Isolates of S. aureus attributed to clinically significant specimens were collected from January 2019 to December 2021 from Hospital Universitario “Dr. José Eleuterio González” (HU) in Monterrey, and from Hospital Civil de Guadalajara “Fray Antonio Alcalde” (HC) in Guadalajara. Both are third-level teaching hospitals that offer healthcare to patients from northeastern and western regions of Mexico.

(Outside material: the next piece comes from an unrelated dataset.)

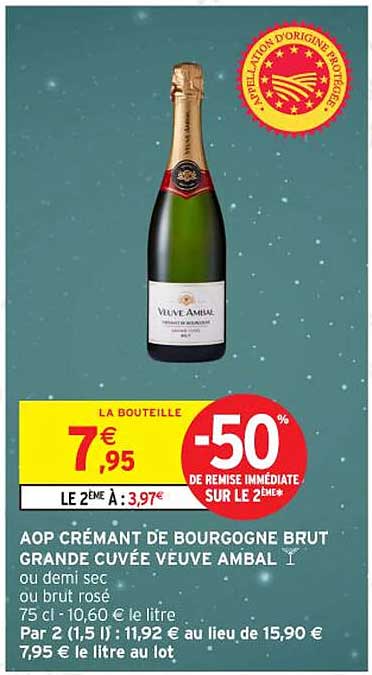 Découvrez l'offre de Aop Crémant De Bourgogne Brut Grande Cuvée Veue Ambal chez Intermarché Contact! Cette offre fantastique est maintenant disponible dans le nouveau catalogue de Intermarché Contact. Profitez de cette occasion et économisez considérablement sur votre achat.

The strains were identified by MALDI-TOF MS (Bruker Daltonics, Bremen). In our study, susceptibility to ceftobiprole (Liofilchem) was determined by disk diffusion using cutoff values established by EUCAST guidelines3. Susceptibility to penicillin and cefoxitin (Oxoid Ltd.) was also determined by disk diffusion according to the CLSI breakpoints. Quality control strains were S. aureus ATCC 25923 and Escherichia coli ATCC 259222.

Our results show that of 280 strains identified as S. aureus, 69.6% (n=195) were isolated from HU and 30.4% (n=85) from HC. Of the total strains, 87.1% (n=244) were susceptible to ceftobiprole, 85.1% of which (n=166/195) were from HU and 91.7% (n=78/85) from HC. In addition, 17.9% of the strains exhibited an inhibition zone diameter between 16 and 17mm, which is considered an Area of Technical Uncertainty (ATU) by the EUCAST, indicating an area of interpretive difficulties and, therefore, higher complexity in ensuring reliable test results.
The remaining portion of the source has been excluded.